1. Field of the Invention
The present invention generally relates to the field of graphics processing and more specifically to generating a clip state via a clip state machine for a batch of vertices.
2. Description of the Related Art
A graphics processing pipeline of a graphics processing unit (GPU) accepts a representation of a three-dimensional (3D) scene as an input and processes that input to produce a 2D display image of the scene as an output. As is well known, the 3D graphics scene is typically represented by a collection of primitives having vertices. Indices associated with the vertices are stored in index arrays, and vertex data associated with those vertices is stored in vertex arrays. The primitives are individually processed by the GPU based on the index arrays and the vertex data when generating the 2D display image of the scene.
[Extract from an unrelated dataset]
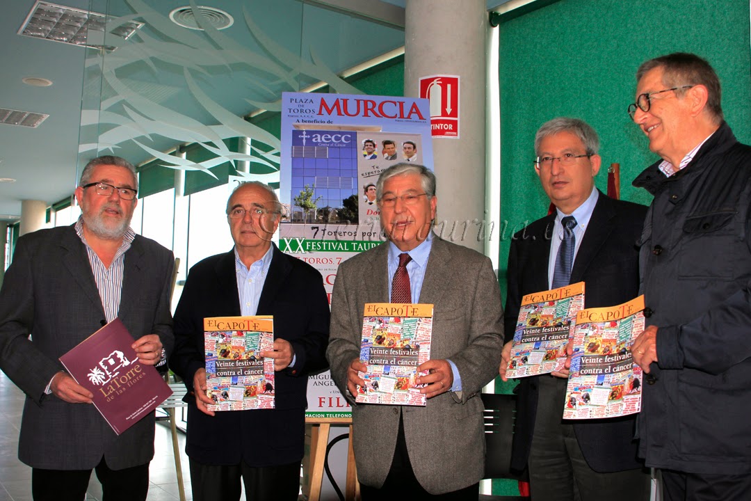 www.feriataurina.es. La sede de la Asociación Provincial de la Lucha contra el Cáncer de Murcia acogió ayer la presentación de la revista. El Capote que ha sido dedicada a este festejo taurino que se celebrará el próximo domingo en el coso de la Condomina y de la que han sido editados 10.000 ejemplares. El editor y director de la publicación, el periodista Mariano Caballero, ha señalado que los ejemplares serán distribuidos estos días por hoteles, restaurantes y juntas locales de la Asociación, entre otros lugares, mientras que el domingo se hará lo mismo en la plaza de toros de Murcia. Caballero ha añadido que El Capote llega a su cuarta edición y que con esta revista lo que se pretende es contribuir a la difusión del festival benéfico y, así, fomentar la afluencia de aficionados al coso taurino.

A conventional graphics processing pipeline has different stages through which the primitives associated with a graphics scene are processed when generating the 2D display image of the graphics scene. In one stage, vertex shading operations, including vertex lighting and transformation, are performed on vertices of the graphics primitives. In another stage, a geometry shader performs geometry shading operations for calculating parameters that are used to rasterize the graphics primitives. In a later stage, clipping, culling, viewport transform, and attribute perspective correction operations on the graphics primitives. In this stage, different culling and clipping techniques to remove graphics primitives within the 3D graphics scene that are not visible in a view frustum, i.e., a region of visible space defined by a set of clip planes.
One drawback of a conventional graphics processing pipeline, is that operations in stages prior to the clipping and culling stage are performed for each of the graphics primitives regardless of whether those graphics primitives are clipped or culled downstream. In such a scenario, memory bandwidth and processing resources of the GPU are wasted unnecessarily to process graphics primitives and vertices of those graphics primitives that are discarded at a later stage.
Accordingly, what is needed in the art is a mechanism for identifying vertices that are eventually culled or clipped in a later stage of the graphics processing pipeline.